I am unusually tired tonight because I went to the pool at lunch today. The pool I go to in the winter is such a freak magnet. My summer pool has the mermaid, it's true, but Stacy Pool wins the freak crown by virtue of sheer volume.
At this pool, I have seen a man pull his beard up over his face to better sun his nipples. I have seen a man in a Speedo two sizes too small aggressively checking out the women to make sure that they are checking him out (they are, but probably not in the way he thinks).
I have been denied the use of the shower at this pool because two grown women took turns splashing around in it while making noises that ranged from moans of raw sexual pleasure to a series of joyful boops while I stood there waiting, wrapped in a towel and trying to look like I was minding my own business. Like there is any such thing as your own business in that sort of situation. I was actually very resentful at the time. I just needed to rinse the chlorine out of my hair really fast, and they would not stop fucking around even though they knew I was waiting.
It's always someone or something at that pool. Today I saw the guy who once punched a few panels out of the front door of my old apartment because he thought it unjust that his ex-girlfriend was inside hanging out with my roommate. We exchanged a half-smile of recognition but didn't say anything to each other. Really, what do you say to a guy who destroyed your front door in a fit of rage ten years ago?

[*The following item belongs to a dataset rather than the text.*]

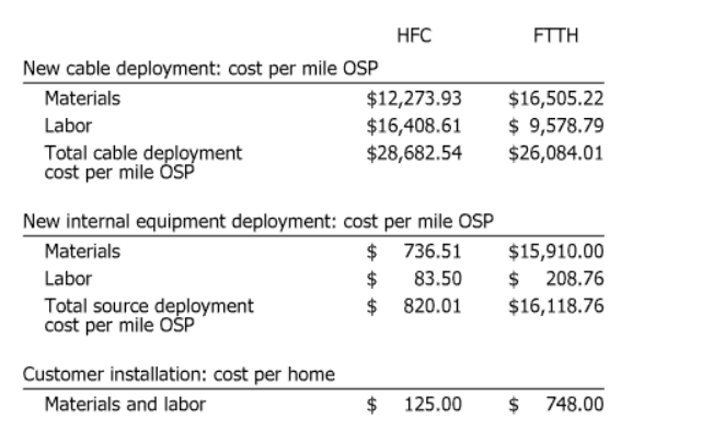 | Labor expenses comprise the majority of the costs associated with the new cable deployment for HFC. | ||

Anyway, that was nothing compared to the woman who was getting ready to dye her hair in the pool's changing room today. It looked like she either had no home or not much of one, and her things smelled so strongly of cigarette smoke that even I had a hard time breathing around them.
The entire time I was getting dressed to go back to work, she was either disrobing or walking around naked, getting the dye set up.
She was very chatty, in an alternately charming/snarling way. She asked me, in a very nice and interested way, how often I swam. And did I like it? Did I consider myself a swimmer? I answered her (sometimes, yes, no), and then--by this point she was totally naked--she started muttering darkly about kids today and how they all liked to skate and they thought they could be Olympic medalists, but pfft! they'd see.
Then she abruptly changed course and asked me to help her open the
developer packet. At this point I was half dressed myself but working
to rectify that as quickly as I could so I could get out of there.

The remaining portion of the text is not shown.